This is the first article by the Isaac Asimov (the second was published in Cue magazine.) Most of the comments are surprisingly positive- the scientific errors are largely "dramatic necessity".
New York Times, Sect. 2, pg 1, Sunday, Sept. 28, 1975
By Isaac Asimov
A science-fiction television show ought to be reviewed, it seems to me, not only for its dramatic quality, the acting, the plot, but especially for scientific accuracy. Why? Well, simply because television is a powerful educational influence. Why should it contribute unnecessarily to the raising of a misinformed generation?
There are three possible sources of scientific errors in a television show --errors made out of dramatic necessity, which one can be lenient with; errors made out of commercial necessity, which one can sigh over; and errors made out of ignorance, which are intolerable.
Suppose we consider each type of error in connection with Space: 1999, a new hour-long series that premiered last Sunday on Channel 11 [Sept. 21, 1975 on WPIX, NYC]. It deals with a colony of human beings on the moon who are permanently marooned there when the moon leaves its orbit and goes drifting up into space.
One dramatic fact about the moon is that its surface gravity is one-sixth that of the earth. For a given muscular effort you could lift your centre of gravity six times as high on the moon and you could lift six times the weight you can here on earth. Also, you would rise more slowly when you jumped, and fall back more slowly, too.
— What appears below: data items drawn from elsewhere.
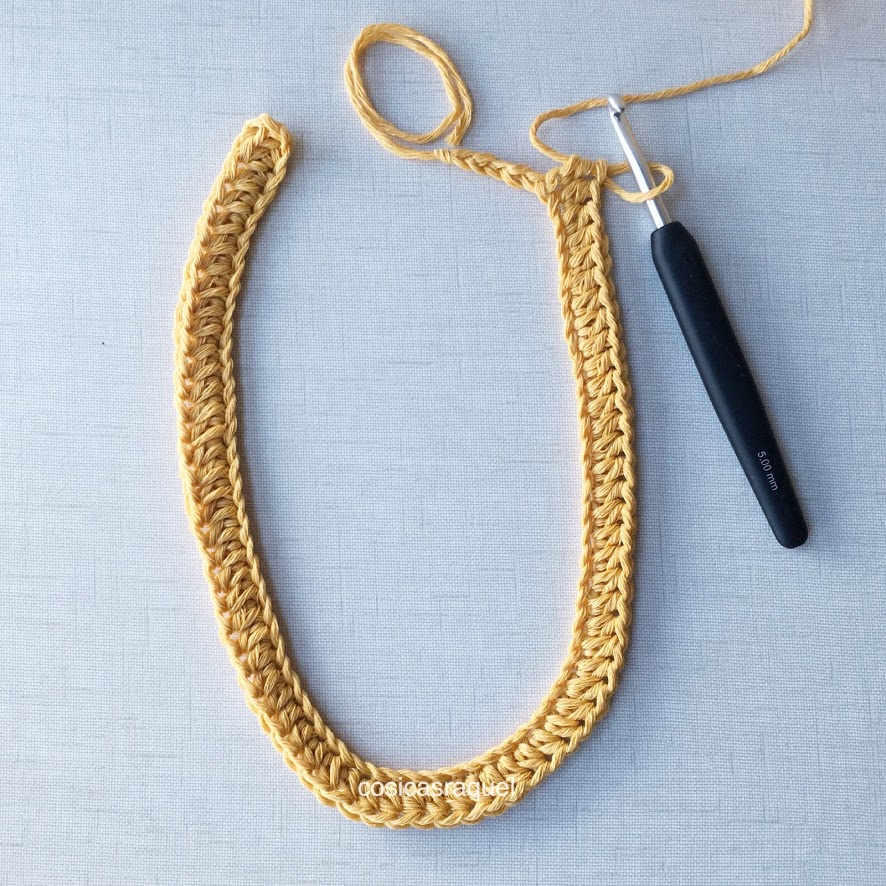 - Dejar un trozo de hilo al principio y hacer 5cad (para formar el ojal para el botón) + 70cad + 2cad para volver.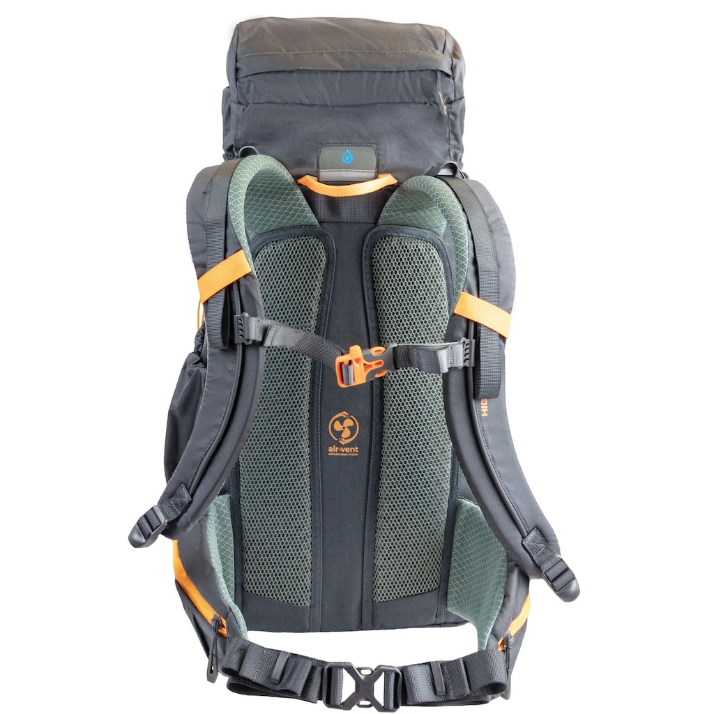 Ergonomicznie wyprofilowanie szelki oraz regulowane pasy (biodrowy i piersiowy) pozwalają na optymalne dopasowanie plecaka do sylwetki i odpowiadają za wysoki komfort podczas wędrówek. System wentylacji Airvent zapewnia optymalną cyrkulację powietrza i sprawne odprowadzanie wilgoci. Na pasie piersiowym umieszczono gwizdek alarmowy, który pozwala na wezwanie pomocy w sytuacji awaryjnej.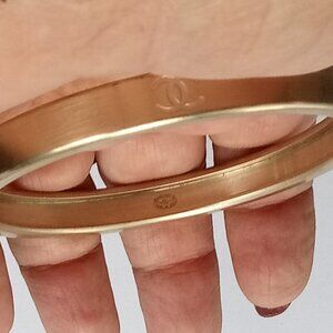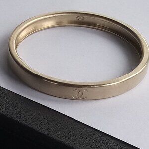 Authentic CHANEL Logo gold plated bracelet bangle Firm Price

In Space: 1999, the surface gravity effects on the moon are captured perfectly. The characters move with a slow long-stepping high-bounding grace. When one man must throw another, he does so with astonishing ease, and the thrown man describes the proper parabola. (Slow motion filming and, I suspect, the ingenious use of wires are responsible for these effects). I have never seen anywhere, so precise a simulation of low gravity. I marvelled and enjoyed the sight. (Other special effects were taken care of with equal care.)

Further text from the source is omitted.